▶ Extracted entries:
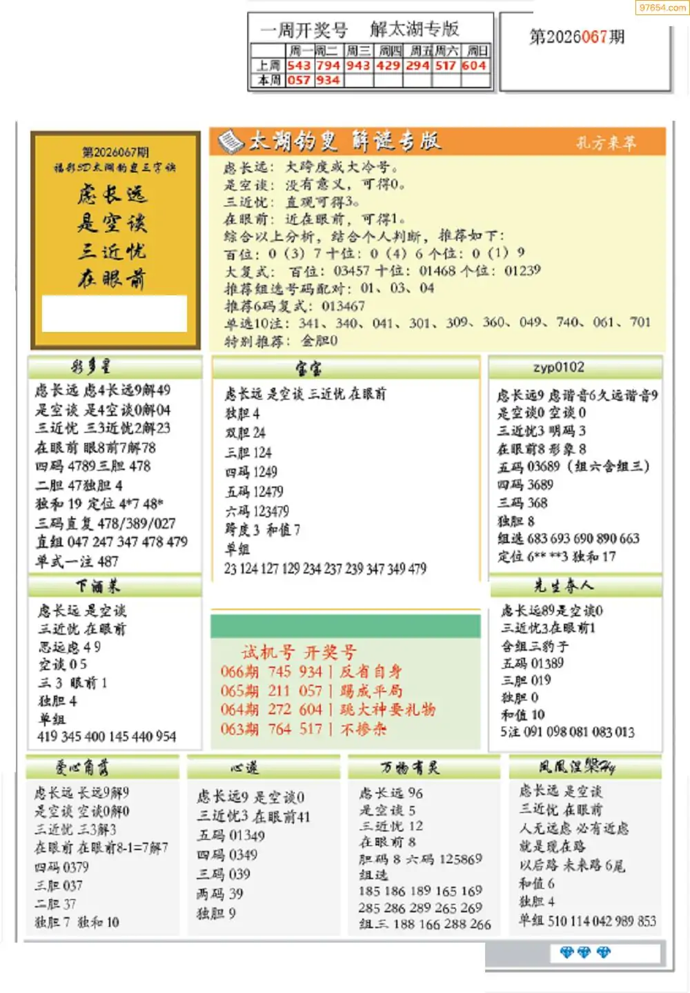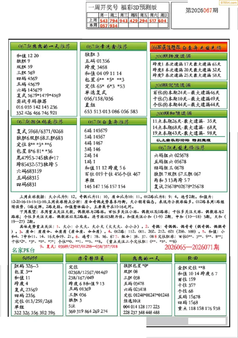 26年067期3D各板块资料整合汇总
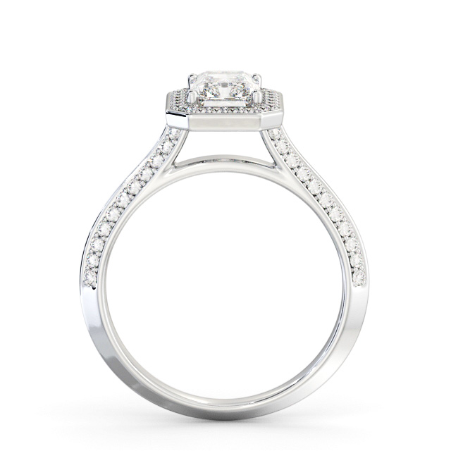 Halo Radiant Diamond with Knife Edge Band Ring 18K White Gold | Lamar
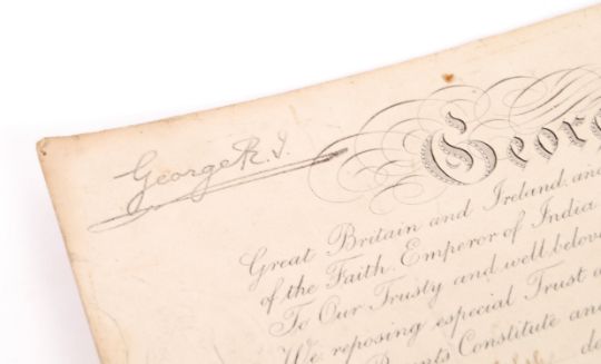 A WWI First World War interest Officer's Commission certificate to a Second Lieutenant Francis Albert Barker. Dated 25th September 1918. Laid on to card. Printed King George V signature to top corner. Total size: 29cm x 40cm.
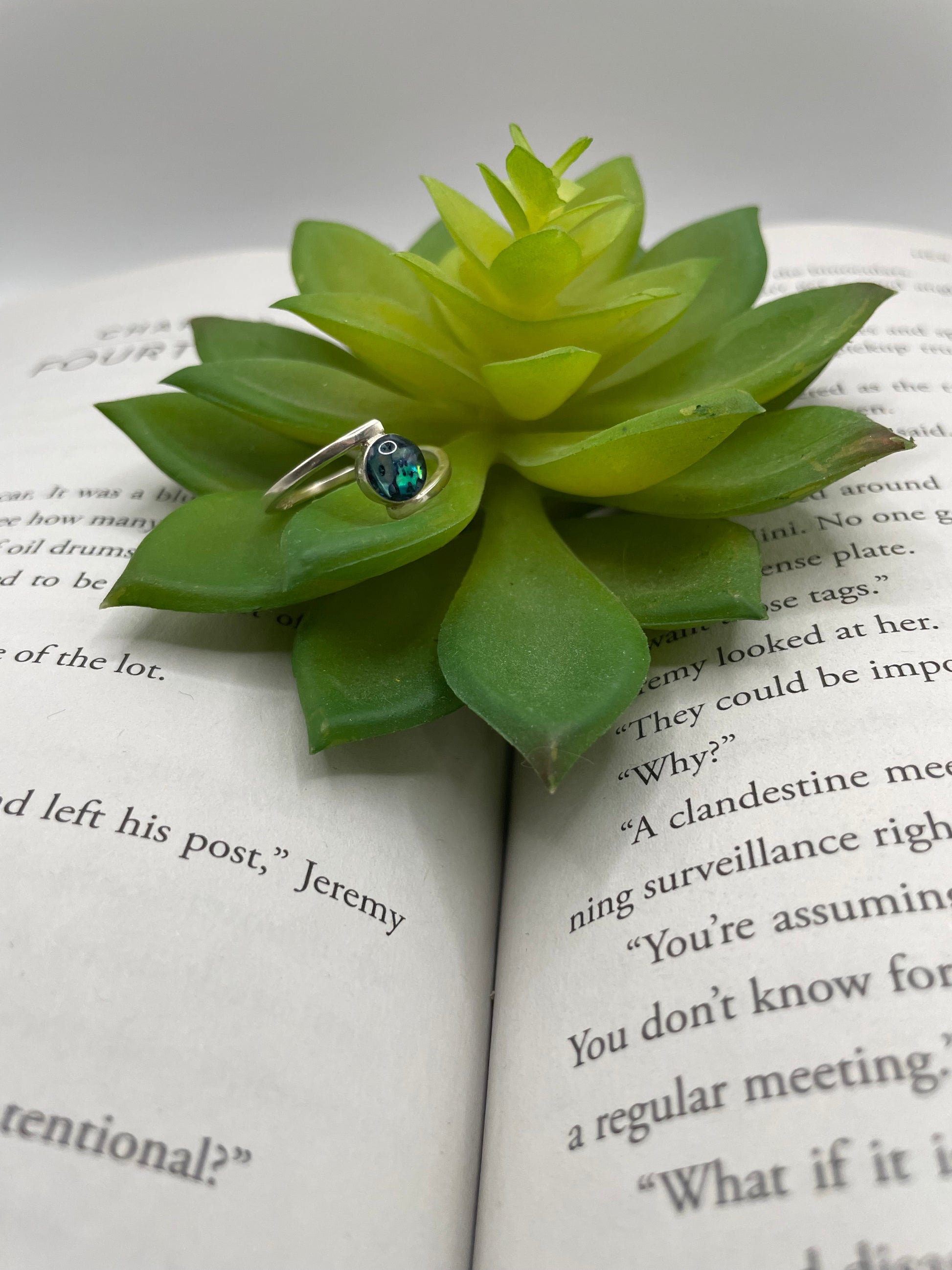 Elegant and timeless, this handcrafted 925 sterling silver ring features a 6 mm round bezel filled with natural shell and resin, creating a mesmerizing play of colors with iridescent highlights.
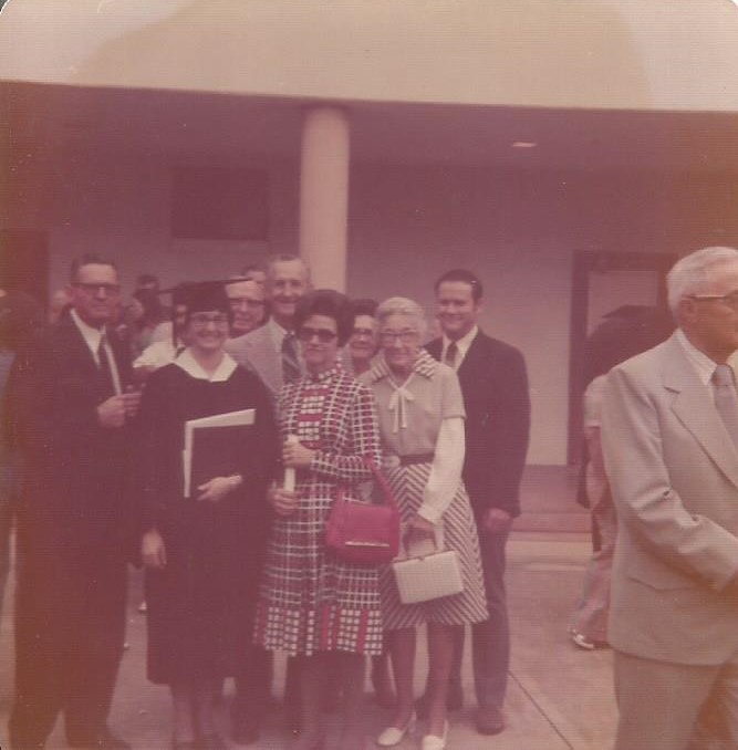 SWTSU graduation, August 1973. Bill, Kathy, Joe (“Bub”) Dauchy, Joe Waller,
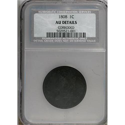 <B>1808 1C --Corroded--NCS. AU Details.</B></I> S-278, B-2, R.3. This variety is easily identified by the leaf tips aligned with the second S of STATES. This walnut-brown example shows little actual wear and great detail for a Classic Head cent, though the obverse shows noticeable areas of corrosion and the reverse exhibits small pockets as well. EAC 20.<BR><BR><B>Coin Engraver:</B> John Reich<BR><BR><b>Shipping:</b> Coins & Currency (<a target="_blank" href="http://www.heritageauctions.com/common/shipping.php">view shipping information</a>)
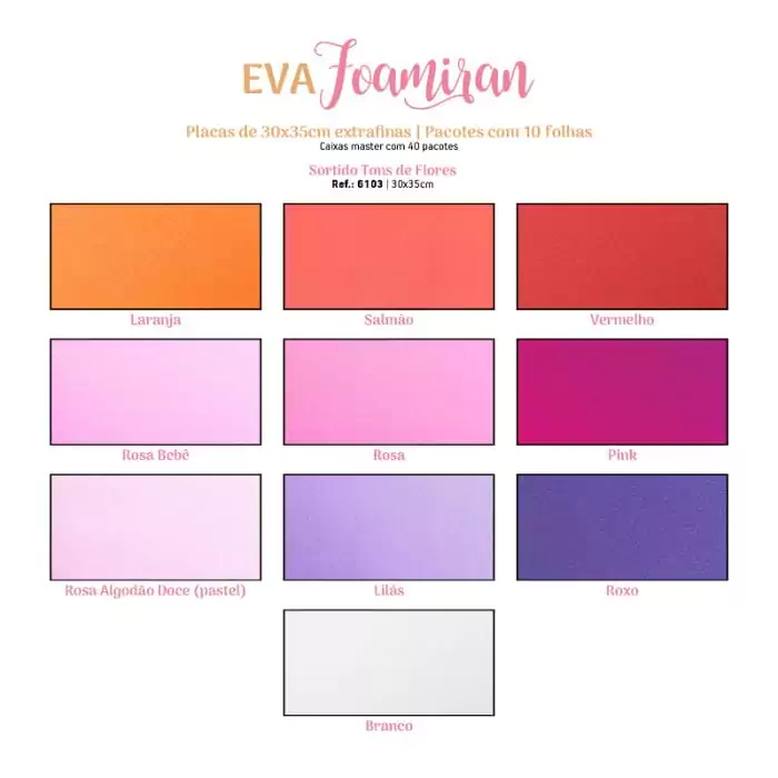 Você está procurando um material versátil e de alta qualidade para seus projetos de artesanato? Então você vai adorar o Eva Foamiran Extrafino 0,7mm 30x35cm 10 Folhas Sortida Tons de Flores. Esse produto é ideal para fazer flores artificiais, apliques, decorações e muito mais.
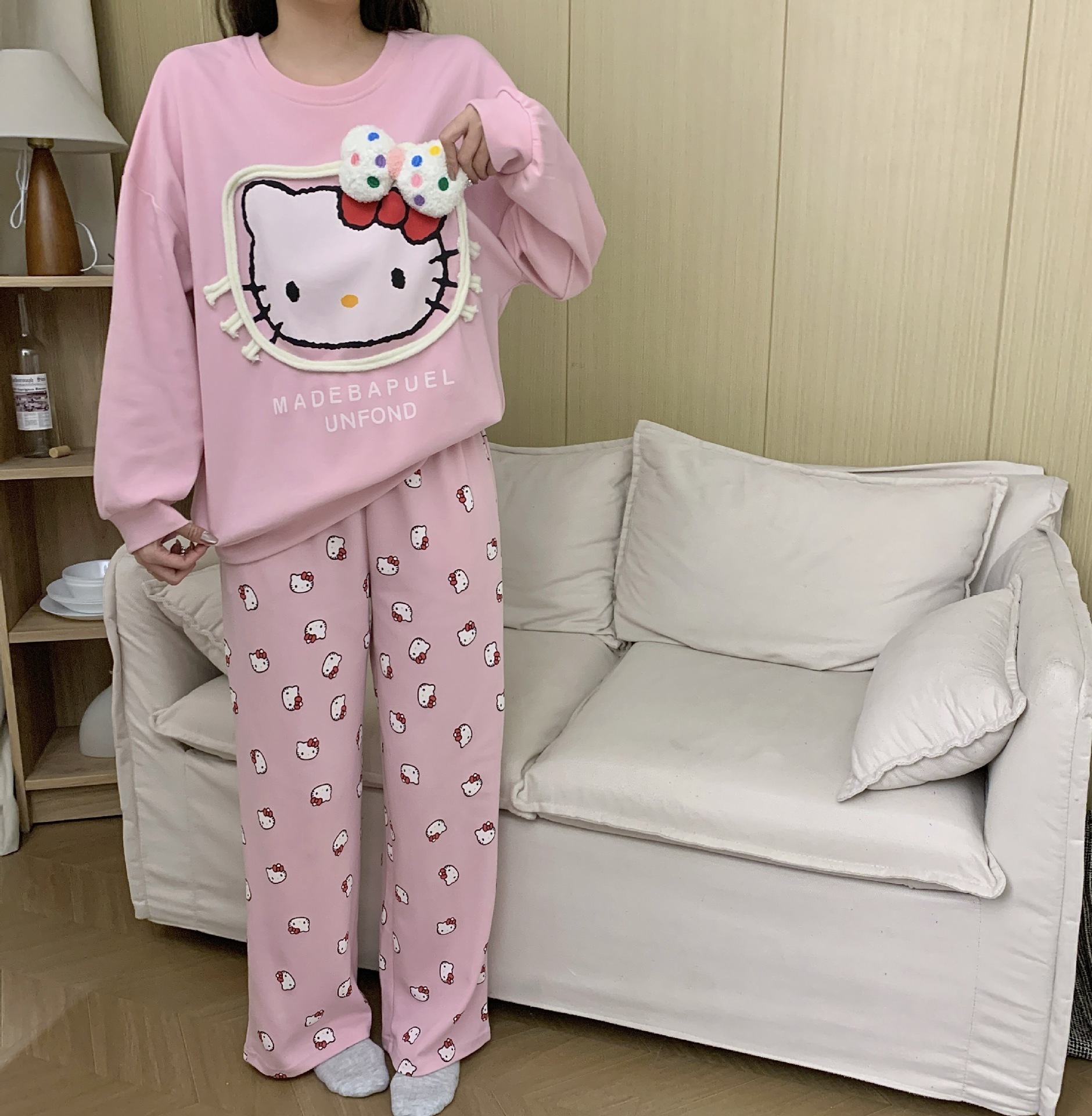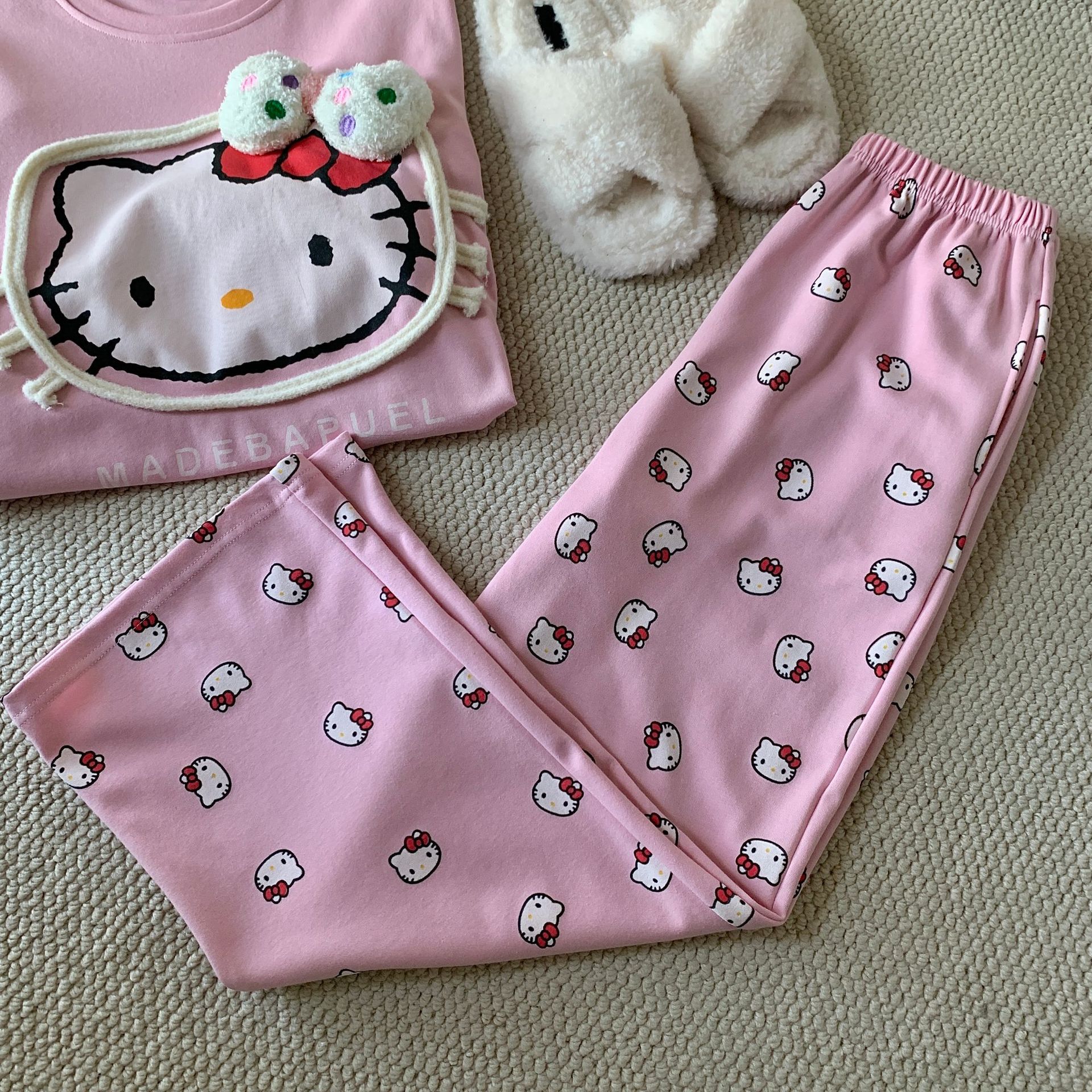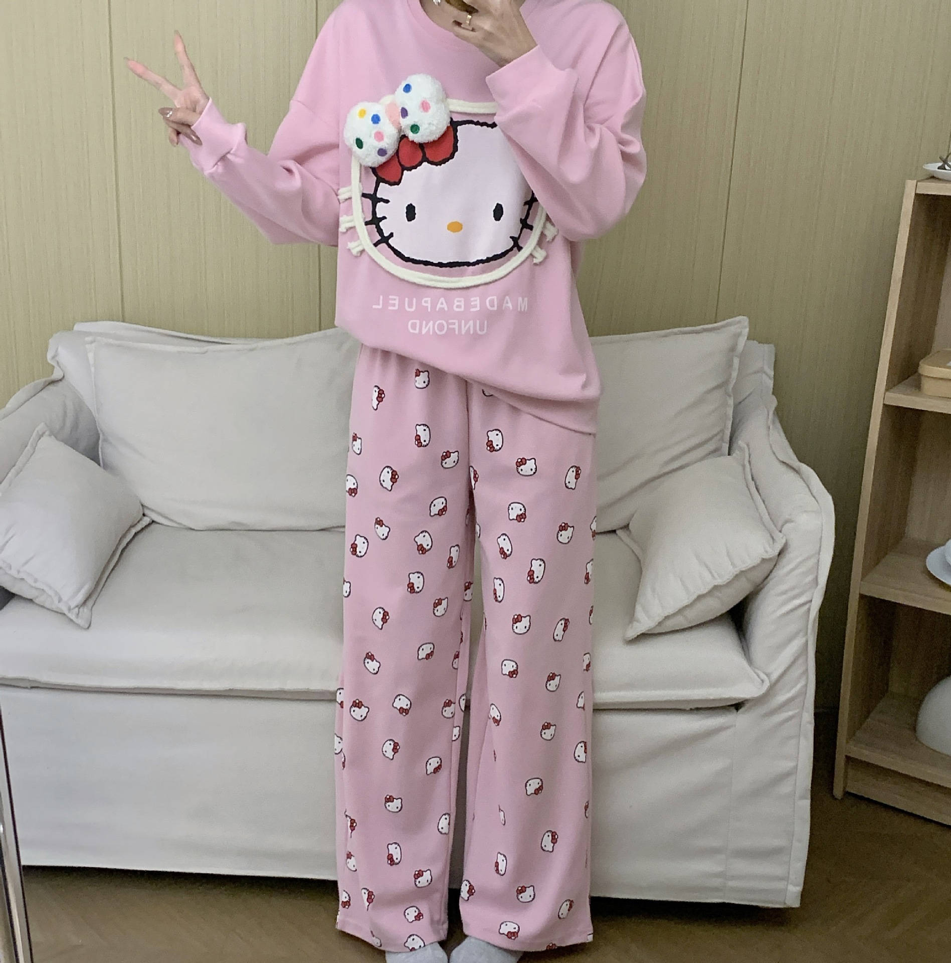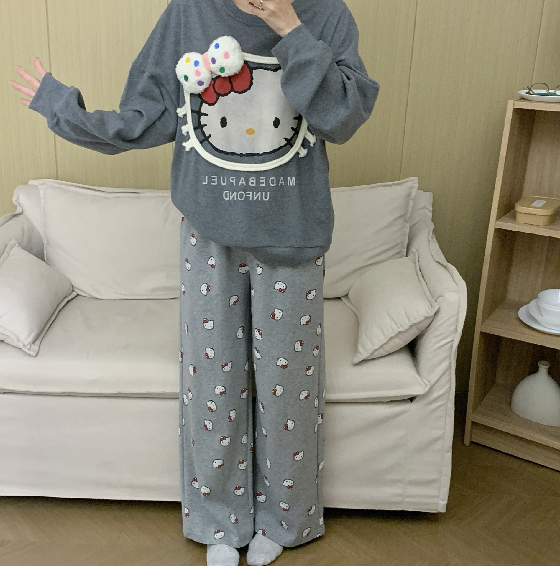 잠옷 여성의 가을과 겨울 새로운 달콤한 소녀의 귀여운 헬로 키티 인쇄 긴 소매 바지 외부 착용 세트 홈 옷스토어 가기

▶ What the task requires:
Set down word for word the lines from the opening of the entries above through the line that contains "A WWI First", and omit every picture.

▶ Your solution:
 26年067期3D各板块资料整合汇总
 Halo Radiant Diamond with Knife Edge Band Ring 18K White Gold | Lamar
 A WWI First World War interest Officer's Commission certificate to a Second Lieutenant Francis Albert Barker. Dated 25th September 1918. Laid on to card. Printed King George V signature to top corner. Total size: 29cm x 40cm.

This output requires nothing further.